Later, we were playing together. I did a knife technique on him and he said, "Wow. That's nice. Some of Uncle Bill's knife work, eh?"

I said, "No,  Uncle has knife work similar to that, but that was straight out of the Inosanto blend knife work."

He said, "Huh. Show me some more of your material from Inosanto blend."

I did. After a bit he said, "I've not seen anyone with that kind of depth from Inosanto blend."

I said, "Well, then you probably haven't seen a _Kali_ man from the Inosanto lineage. You've probably seen _JKD_ guys who've done some Kali at seminars. There's a big difference between a JKD guy who does some FMA and an FMA guy."

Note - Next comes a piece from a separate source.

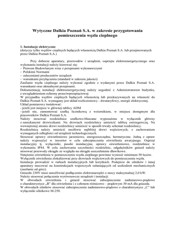 Wytyczne Dalkia Poznań S.A. w zakresie przygotowania pomieszczenia węzła cieplnego 1. Instalacje elektryczne (dotyczy tylko węzłów cieplnych będących własnością Dalkia Poznań S.A. lub przejmowanych przez Dalkia Poznań S.A.) Przy doborze aparatury, przewodów i urządzeń, osprzętu elektroenergetycznego oraz wykonaniu instalacji naleŜy kierować się: -· Prawem Budowlanym wraz z przepisami wykonawczymi -· Polskimi Normami -· zaleceniami producentów urządzeń -· warunkami przyłączenia (standard w zakresie jakości) Zasilanie węzła cieplnego naleŜy wykonać zgodnie z wydanymi przez Dalkia Poznań S.A. warunkami oraz aktualnymi przepisami. Dokumentację instalacji elektroenergetycznej naleŜy uzgodnić z Administratorem budynku, z uwzględnieniem ochrony przeciwprzepięciowej. W przypadku węzłów cieplnych będących własnością lub przekazywanych na własność do Dalkia Poznań S.A. wymagany jest układ rozliczeniowy - dwutaryfowy, energii elektrycznej. Układ pomiarowy instalować: -·jeŜeli jest miejsce w głównej tablicy ADM -·jeŜeli nie, zamontować szafkę licznikową z wziernikiem, w miejscu dostępnym dla pracowników Dalkia Poznań S.A. NaleŜy stosować rozdzielnice szafkowo-blaszane wyposaŜone w wyłącznik główny z zamykanymi drzwiczkami. Na drzwiach rozdzielnicy umieścić tablicę ostrzegawczą. Na wewnętrznej stronie drzwi rozdzielnicy umieścić w sposób trwały schemat rozdzielnicy. Rozdzielnicę naleŜy umieścić moŜliwie najbliŜej drzwi wejściowych, z zachowaniem wymaganych odległości od urządzeń technologicznych. Stosować oprawy oświetleniowe jarzeniowe, energooszczędne, hermetyczne. Jedną z opraw naleŜy wyposaŜyć w inwertor w celu zabezpieczenia oświetlenia awaryjnego. Osprzęt instalacyjny tj. wyłączniki, puszki instalacyjne, oprawy oświetleniowe, rozdzielnice w wykonaniu IP44. W celu zachowania szczelności rozdzielnic, odgałęźników gniazd naleŜy stosować przewody okrągłe ze względu na okrągłe uszczelnienie dławikowe. NatęŜenie oświetlenia w pomieszczeniu węzła cieplnego powinno wynosić minimum 50 luxów. Wyłącznik oświetlenia zlokalizować przy drzwiach wejściowych do pomieszczenia węzła. Instalacje prowadzić w rurkach instalacyjnych lub korytkach. Podejście do silników i innej aparatury mocować na konstrukcjach wsporczych osłaniających od uszkodzeń mechanicznych (zasilanie od góry). Gniazdo 230V musi umoŜliwiać podłączenie elektronarzędzi o mocy maksymalnej 2,0 kW. NaleŜy stosować połączenia wyrównawcze urządzeń i instalacji. W obwodach oświetlenia i gniazd stosować zabezpieczenie nadmiarowo-prądowe o charakterystyce „B” dla oświetlenia i z członem róŜnicowo – prądowym 30 mA dla gniazda. W obwodach silników stosować zabezpieczenie nadmiarowo-prądowe o charakterystyce „C” lub wyłączniki silnikowe M-250. Dla urządzeń zamontowanych na stałe jako środek ochrony przeciwpoŜarowej dodatkowej naleŜy stosować szybkie wyłączenie zasilania, dla urządzeń przenośnych (gniazda) – wyłącznik przeciwporaŜeniowy róŜnicowo - prądowy. Niedopuszczalne jest zabezpieczenie jednym wyłącznikiem róŜnicowo - prądowym całego obiektu. Stosować ochronniki dla zabezpieczenia torów prądowych L1, L2, L3 i neutralnego N, uziemioną SzU (szyną uziemiającą) R<5 i rozłącznik bezpiecznikowy R321 (zasilanie 1-fazowe) lub R323 (zasilanie 3-fazowe) wg schematu (załącznik nr 1). Ochroną przeciwporaŜeniową objąć szafkę licznikową. Konieczne jest wykonanie miejscowych połączeń wyrównawczych. Podłączyć urządzenia automatyki w sposób umoŜliwiający samoczynne wyłączenie pompy obiegowej c.o. w okresie przejściowym - zabezpieczenie pompy przed suchobiegiem. 2. Wymogi pozostałe. Pomieszczenie węzła powinno w miarę moŜliwości posiadać okno oraz wejście z zewnętrz. W przypadku pomieszczenia z wejściem od wewnątrz budynku dojście do pomieszczenia węzła musi być zapewnione przez ciągi komunikacyjne ogólnodostępne. W przypadku urządzeń o gabarytach uniemoŜliwiających transport drogą komunikacyjną - tzn. przez istniejące korytarze i drzwi z podwójnym zamkiem, naleŜy zapewnić moŜliwość wykonania otworu montaŜowego w celu wprowadzenia tych urządzeń. Wszystkie okna (o ile istnieją) wykonać z tworzywa sztucznego, otwierane do wewnątrz, okratowane i zabezpieczone siatką z drutu stalowego ocynkowanego o oczkach o wymiarach 2cm x 2cm. Posadzka węzła powinna być gładka, niepalna, wytrzymała na uderzenia mechaniczne i nagłe zmiany temperatury. NaleŜy ją wykonać ze spadkiem 1% w kierunku kratek odwodnieniowych lub studzienki schładzającej. Ściany pomieszczenia węzła wykończyć tynkiem cementowo-wapiennym. W przypadku ścian wylewanych betonowych pomalować dwa razy unigruntem. PodłoŜe pod tynkiem przygotować pod kątem zabezpieczenia przed odparzeniem ściany w pomieszczeniu węzła pomalować do wysokości 2.0 metrów farbą olejną. Ściany powyŜej i sufit malować farbą emulsyjną. Stosować farby w kolorach jasnych. Posadzka węzła powinna być odwodniona do kanalizacji grawitacyjnie poprzez wpusty podłogowe i studzienkę schładzającą. Na odcinku odpływowym kanalizacji ściekowej w węźle cieplnym naleŜy zamontować klapę zwrotną. W przypadku braku moŜliwości grawitacyjnego odwodnienia posadzki węzła naleŜy zamontować studzienkę odwadniająco – schładzającą z pompą sterowaną automatycznie w zaleŜności od poziomu wody w studzience i zapewniającą odprowadzenie ścieków do kanalizacji. W pomieszczeniu węzła naleŜy zapewnić odpowiednią wentylację grawitacyjną nawiewnowywiewną. KaŜdy węzeł musi posiadać zawór Dn 15 ze złączką do węŜa zamontowany na przewodzie wody zimnej. Na odgałęzieniu do zaworu naleŜy zamontować wodomierz. W przypadku zmiany zabezpieczenia instalacji c.o. z systemu otwartego na zamknięty naleŜy bezwzględnie przystosować in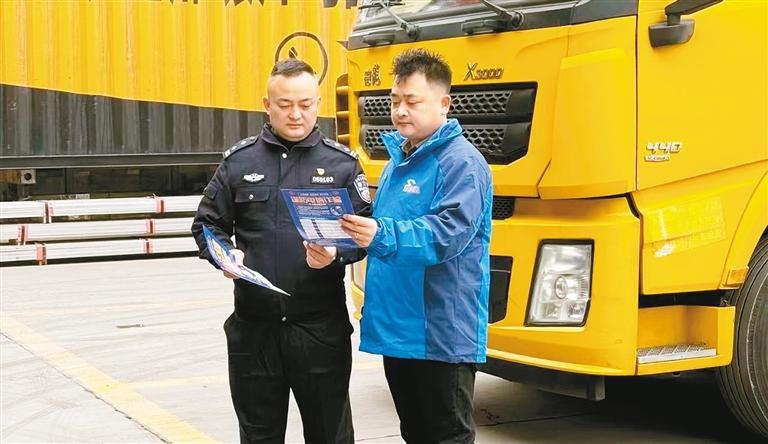 3月5日上午,張仕禹(左)在聚盟物流園進(jìn)行反詐宣傳工作。 (受訪者供圖)

But, again, I don't think this is Dan Inosanto's fault. I think the fault lies on the shoulders of others. Maybe some of the people this guy had worked with simply exaggerated their FMA background. Maybe this guy had misinterpreted what he'd seen presented as "Inosanto lineage." I don't know.

I agree that people who only train at seminars are missing the boat. But I don't personally think that seminars are a bad thing. I think that, if properly used, they can be very good things.

Whew ... that was a long ramble. I hope it made some sense 

Mike


----------



## moromoro

we must understand the priciples to a lot of the techniques then we can start to get a deeper understanding of what it is we are learning..


----------



## DoctorB

> _Originally posted by AldonAsher _
> *Some of the principles I was referring to are:
> 
> 1. Footwork and Mobility
> 2. Zoning
> 3. Range awareness
> 4. Economy of motion and body mechanics
> 5. Flow
> 
> Focussing on principles have been very instrumental in my growth in the FMA.  For example, my friend Andy (ArnisAndyZ) and I found how to link many of the drills that we knew (ex: hubad, palusut, sumbrada, knife tapping) in flow.  We could start with one, switch to another, and then go back to the original almost effortlessly.  In doing so, we had access to the many of individual techniques associated with each drill.  We weren't stuck in the basic patterns of each drill anymore.  The flow became more random  and yet still very controlled even at higher speeds.  And since we weren't thinking, techniques (locks, throws, takedowns, disarms,etc.) would just come out spontaneously.  Our sensitivity got much better.  We also could start to feel the right moment to do a technique or when we had lost it. *



Very nice list of principles and I agree with each and every one of them.  Now for the bigger question, how many people, even if they can identify these principles actually know how to apply them in practice?  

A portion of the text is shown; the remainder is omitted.